Несколько минут они сидели молча на лестнице крылечка. Нагретая солнцем ступень была теплой. Давно не сидели они вдвоем.

— А Капа? — спросила Руфина. — Как она собирается распорядиться своим теплом?

— Об этом нужно спросить у нее.

Руфина прищурилась, улыбнулась, осветила зелеными лучами своих глаз Сережу, крылечко и, кажется, все окружающее:

— Спасибо, Сергей, за то, что ты пришел и посидел со мной на этом крылечке, которое не стало нашим крыльцом. Но я еще подумаю о крыльце и, может быть, верну его нам.

Сережа побледнел:

— Это теперь не в твоих силах.

— Если в твоих словах испуг, значит, в моих сила. Но ты не бойся, Сережа. Я не сделаю это крыльцо нашим крыльцом. Поцелуй меня на прощание! Пожалей и уйди!

— Руфина! — чуть ли не взмолился Сережа. — Я боюсь выполнить твою просьбу даже на прощание… Пожалей лучше ты меня, Руфа…

Руфина торжествующе улыбнулась доброй, почти материнской улыбкой.

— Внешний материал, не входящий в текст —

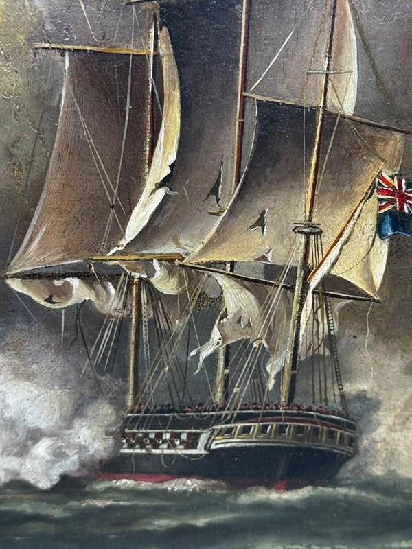 Offered in the manner of Thomas Buttersworth (1768–1842), a prominent British marine painter known for ship portraiture and naval battle pictures. Characteristic features associated with Buttersworth and his circle—legible silhouettes, an active heaving sea, structured sky planes and the staging of engagements for instant readability—are evident in this work. Paintings in this manner were produced for collectors seeking drama, authority and romance in maritime subjects.

Потом подошла к Сереже, привлекла его голову к своей груди и сказала:

— А я, оказывается, все-таки любила тебя, мой мальчик… Теперь иди.

Она проводила его до ворот и закрыла калитку на засов.

Сережа не спал всю ночь.

XXVII

Новыми друзьями Руфины стали одиночество и размышления. Вот и теперь ей не хочется вставать с сундука и подходить к телефону. Но звонки настойчивы. Она взяла трубку.

— Алло, Руфа? Это я, Лида. Не узнала? Значит, быть богатой или счастливой.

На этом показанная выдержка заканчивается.